Watch the discussion with Matt Ehret on his Canadian Patriot website.

Click to watch: https://www.bitchute.com/

Or listen to the soundtrack:

Click to listen: https://soundcloud.com/

For more on the story of how the Soviet KGB records convicted in US and German courts Ivan Demjanjuk, a Ukrainian killer at the Sobibor concentration camp, read this.  Although Demjanjuk died in 2012 aged 91,  new  evidence against him keeps surfacing from sources in Germany, Poland and Russia.

The evidence available in Canada against Ukrainian war criminals has been concealed, starting with the Deschênes Commission of 1987.  

In its summary conclusion, the Commission declared that “public estimates of the number of war criminals allegedly living in Canada had become grossly exaggerated, expanding from a ‘handful’ or ‘several hundred’ in the mid-1970s to ‘thousands’ by the mid-1980s. Some exaggeration may have resulted from the casual lumping together of ‘war criminals’ and ‘war-time collaborators,’ some from blanket accusations against all members of certain military units such as the ‘Galicia’ or ‘Halychyna’ Division (which the Commission formally cleared of collective war crimes), and still more from duplication.”

“Nevertheless, the master list of possible suspects compiled by the Commission contained the names of just 774 individuals; an addendum listed 38 names, and there was a further list of 71 German scientists and technicians. Of the 774 suspects on the master list, 341 were found never to have landed or resided in Canada, 21 had landed in Canada but had left for another country, 86 had died in Canada, and 4 could not be located in this country. The Commission could find no prima facie evidence of war crimes in the files of 154 further suspects. Therefore, it recommended that 606 files be closed.”

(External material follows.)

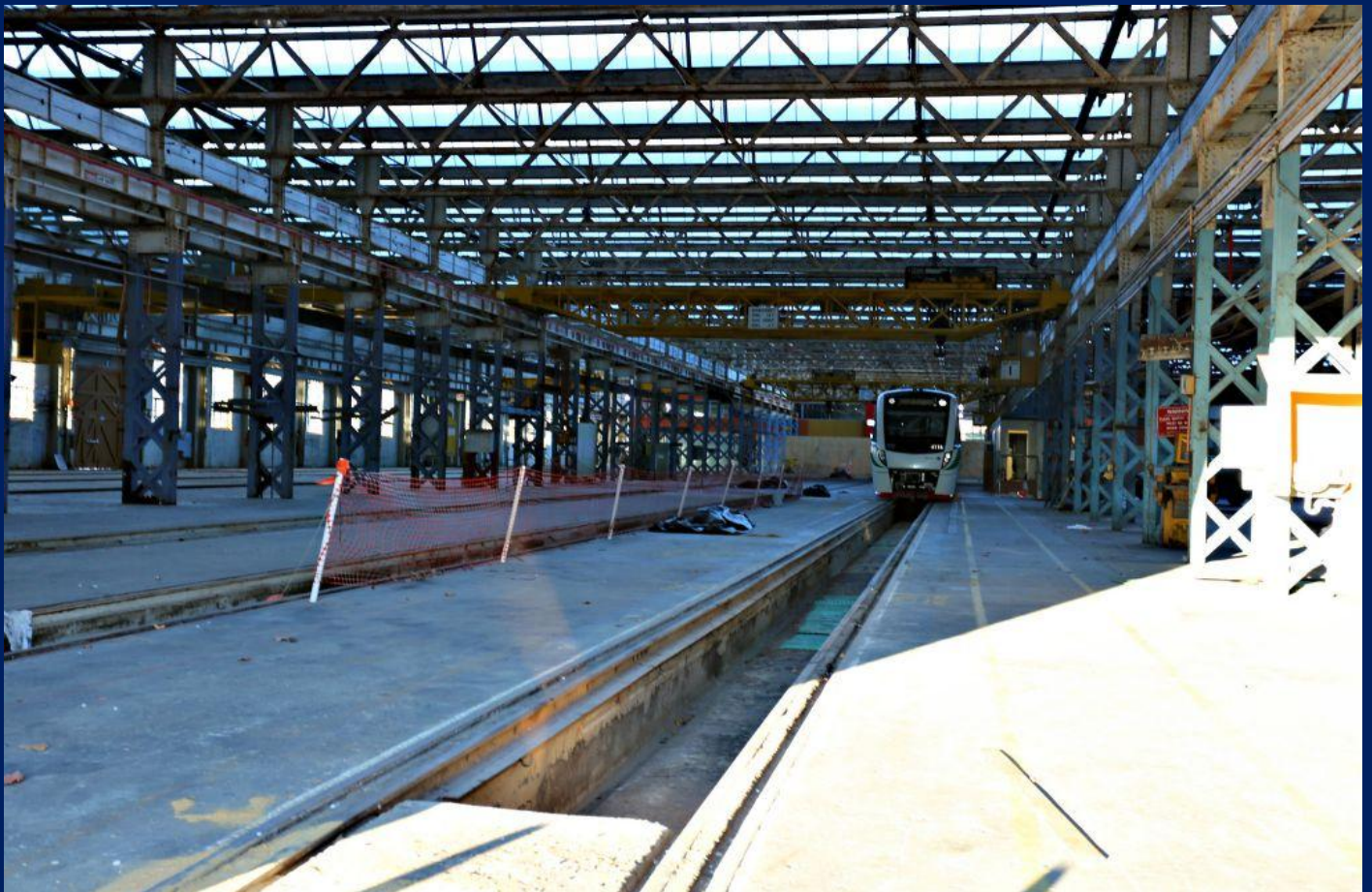
EMU set 116 last one converted old Midland workshops waits collection 17/6.

“In a further 97 cases, the Commission could not find prima facie evidence of war crimes, but believed that such evidence might exist in East European countries. The decision of whether or not to circulate these files abroad was left up to the government. Some 34 cases on the master list were outstanding because answers had not been received from foreign agencies. Time constraints had also prevented the Commission from fully investigating the 38 cases referred to it after October 1986 and the list of German scientists and technicians.”

“The Commission found prima facie of war crimes in just 20 cases, and, in a confidential Part II to the Report, made detailed recommendations to the government about how to proceed in each case” (emphasis added).